Among the most effective of those frameworks is a set of behavioural guidelines that have come to bear his name — the Karpathy Guidelines. Published as part of the Claude Code Playbook, they provide a structured pre-coding checklist designed to be injected into AI agent instructions, forcing the agent to slow down, think critically, and resist its worst impulses before writing a single line of code.


What Karpathy Observed

Karpathy’s original thread didn’t mince words about the current state of AI-assisted coding. Despite describing the shift to agent-driven development as “easily the biggest change to my basic coding workflow in ~2 decades of programming,” he catalogued a litany of recurring failures:

“The mistakes have changed a lot — they are not simple syntax errors anymore, they are subtle conceptual errors that a slightly sloppy, hasty junior dev might do. The most common category is that the models make wrong assumptions on your behalf and just run along with them without checking.”

This is the central problem. The errors AI agents make are no longer the kind a compiler catches. They are errors of judgement — the kind that require understanding intent, context, and the broader architecture of a system to detect. Karpathy continued:

“They also don’t manage their confusion, they don’t seek clarifications, they don’t surface inconsistencies, they don’t present tradeoffs, they don’t push back when they should, and they are still a little too sycophantic.”

And on the question of code quality:

“They also really like to overcomplicate code and APIs, they bloat abstractions, they don’t clean up dead code after themselves… They will implement an inefficient, bloated, brittle construction over 1000 lines of code and it’s up to you to be like ‘umm couldn’t you just do this instead?’ and they will be like ‘of course!’ and immediately cut it down to 100 lines.”

These observations describe a pattern that anyone working with AI agents will recognise. The agent is simultaneously brilliant and reckless — capable of producing remarkable solutions at speed, but equally capable of producing remarkable messes with the same confidence. The Karpathy Guidelines exist to address exactly this tension.


The Five-Step Pre-Coding Checklist

The Guidelines are structured as a five-step checklist that must be executed before any code is written. For trivial single-line changes, steps one and two may be abbreviated, but the principle remains: think before you type. Each step targets a specific category of LLM failure mode.

Step 1: Surface Assumptions and Ambiguities

  1. List every assumption the implementation will rely on.
  2. Check whether each assumption is explicit in the request or inferred.
    • If inferred and consequential: state it aloud and ask for confirmation before proceeding.
    • If inferred and obvious: note it briefly, then continue.
  3. Check whether multiple valid interpretations of the request exist.
    • If yes: present them as numbered options. Do not pick silently. Wait for the user to select one.
    • If no: continue.
  4. Check whether a simpler approach exists than what was asked for.
    • If yes: surface it. Push back if warranted. Do not silently implement the more complex path.
    • If no: continue.
  5. If anything remains unclear after the above checks, stop. Name exactly what is confusing. Ask.

What this prevents: This step directly targets the single most common failure Karpathy identified — models making wrong assumptions and running with them without checking. Current LLMs are trained to produce confident, fluent responses. They are optimised for helpfulness and coherence, not for expressing uncertainty. When faced with an ambiguous request, an LLM will almost never say “I’m not sure what you mean.” Instead, it will silently choose an interpretation — often the most complex one — and execute it with full confidence.

Why it matters: A human developer who misunderstands a requirement will typically discover the misunderstanding during a conversation with a colleague, a code review, or a stand-up meeting. The social dynamics of software teams create natural checkpoints where assumptions get surfaced and corrected. AI agents operate outside these social structures. Without an explicit instruction to surface assumptions, they have no mechanism to course-correct before committing to an approach.

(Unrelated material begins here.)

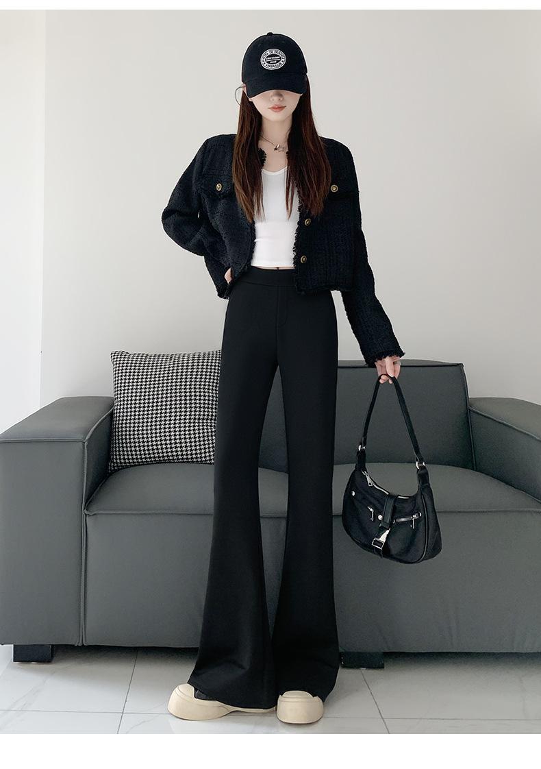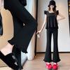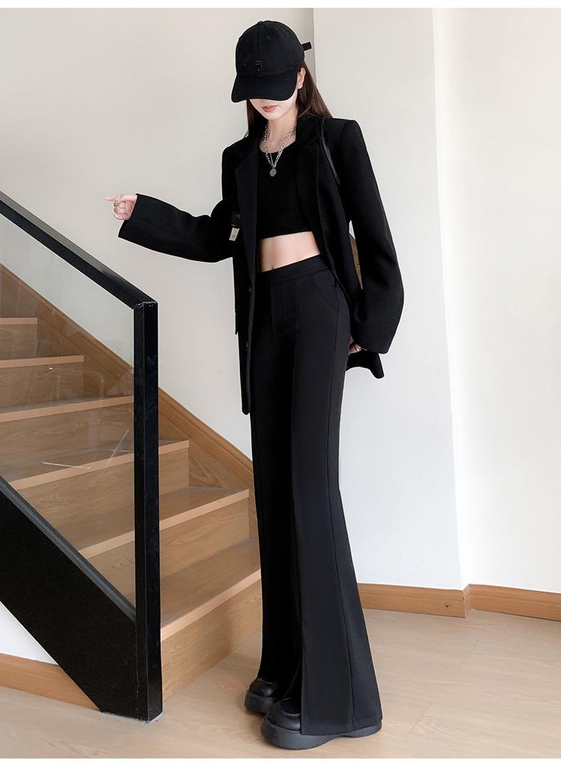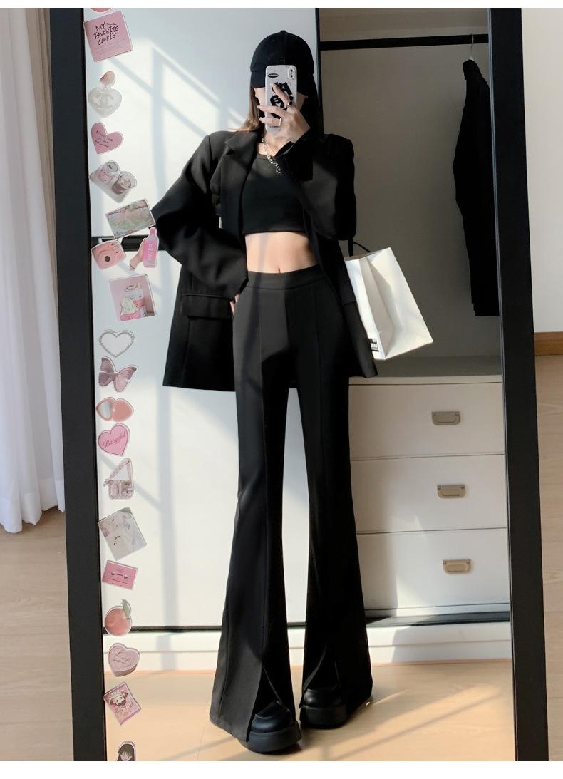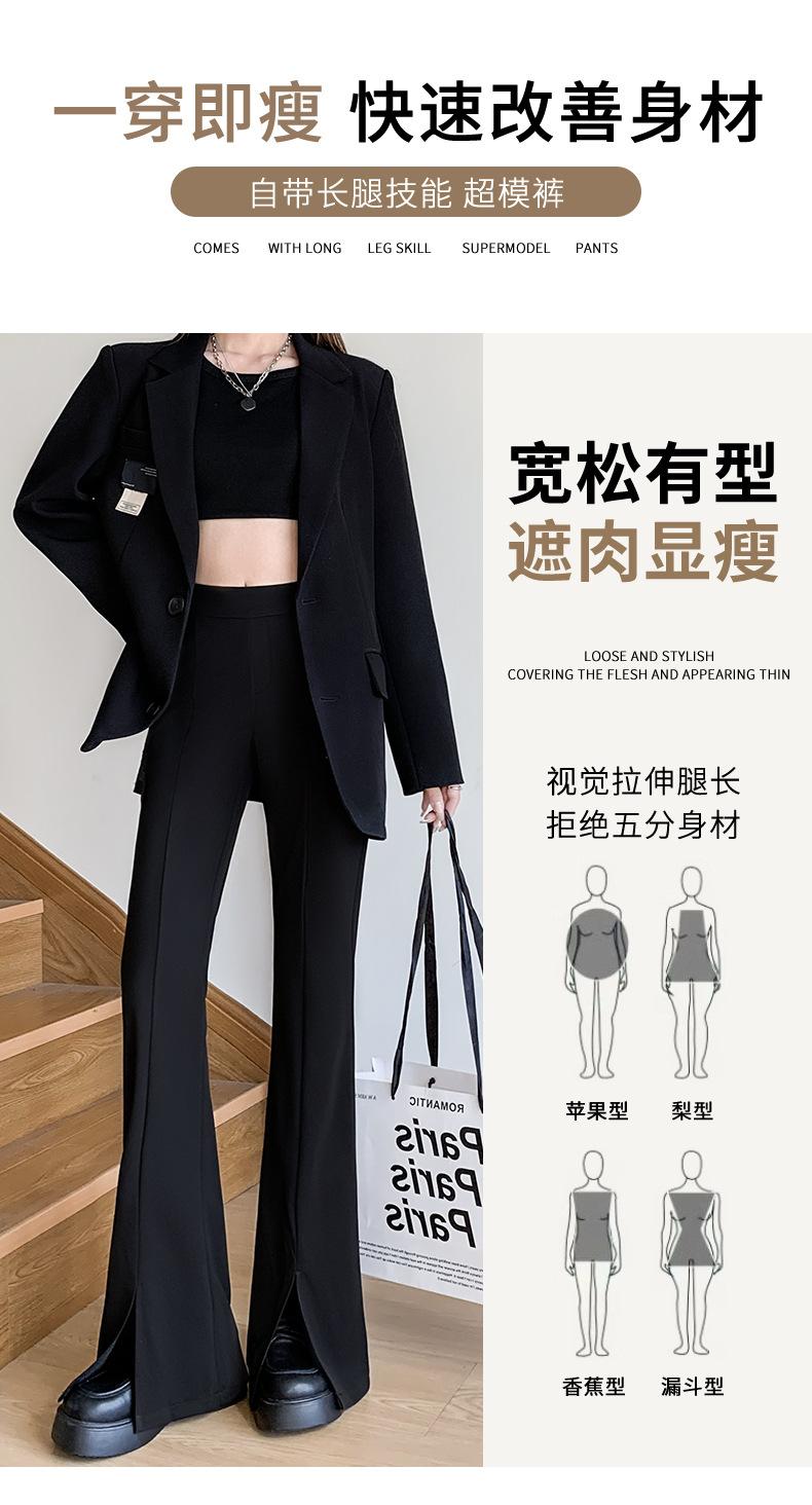 Pantalones Acampanados Negros para Mujer, Estilo Delgado de Verano 2025 Nuevo Adelgazantes de Cintura Alta Petite con Abertura Ajustados Tipo Traje Pantalones Microacampanados

The instruction to check whether a simpler approach exists is particularly important. LLMs have been trained on vast codebases full of enterprise-grade abstractions, design patterns, and architectural frameworks. They have internalised the patterns of over-engineered software, and they reproduce those patterns by default. Forcing the agent to consider simplicity before proceeding is an explicit counterweight to this training bias.


Step 2: Apply Simplicity Constraint

Before writing code, verify the planned implementation passes all of the following:

  • Contains no features beyond what was explicitly requested. If any exist, remove them.
  • Contains no abstractions added for a single-use case. If any exist, flatten them.
  • Contains no “flexibility” or “configurability” that was not requested. If any exist, remove them.
  • Contains no error handling for scenarios that cannot occur given the current inputs. If any exist, remove them.

Apply the senior-engineer test: “Would a senior engineer call this overcomplicated?”

  • If yes: rewrite to the minimum viable implementation.
  • If no: continue.

What this prevents: This step is a direct antidote to the over-engineering problem Karpathy described — the tendency to produce 1,000 lines of code when 100 would suffice. LLMs exhibit a consistent bias toward adding more rather than less. They add error handling for impossible scenarios. They create configuration options nobody asked for. They build abstraction layers to support extension points that will never be used.

This behaviour emerges from the statistical nature of their training. In the vast corpora of code they’ve been trained on, abstractions, error handling, and configurability appear frequently — because the codebases in public repositories tend to be libraries and frameworks designed for reuse. The model learns that “good code” includes these elements, without understanding the crucial contextual question: is this a library, or is this a one-off script?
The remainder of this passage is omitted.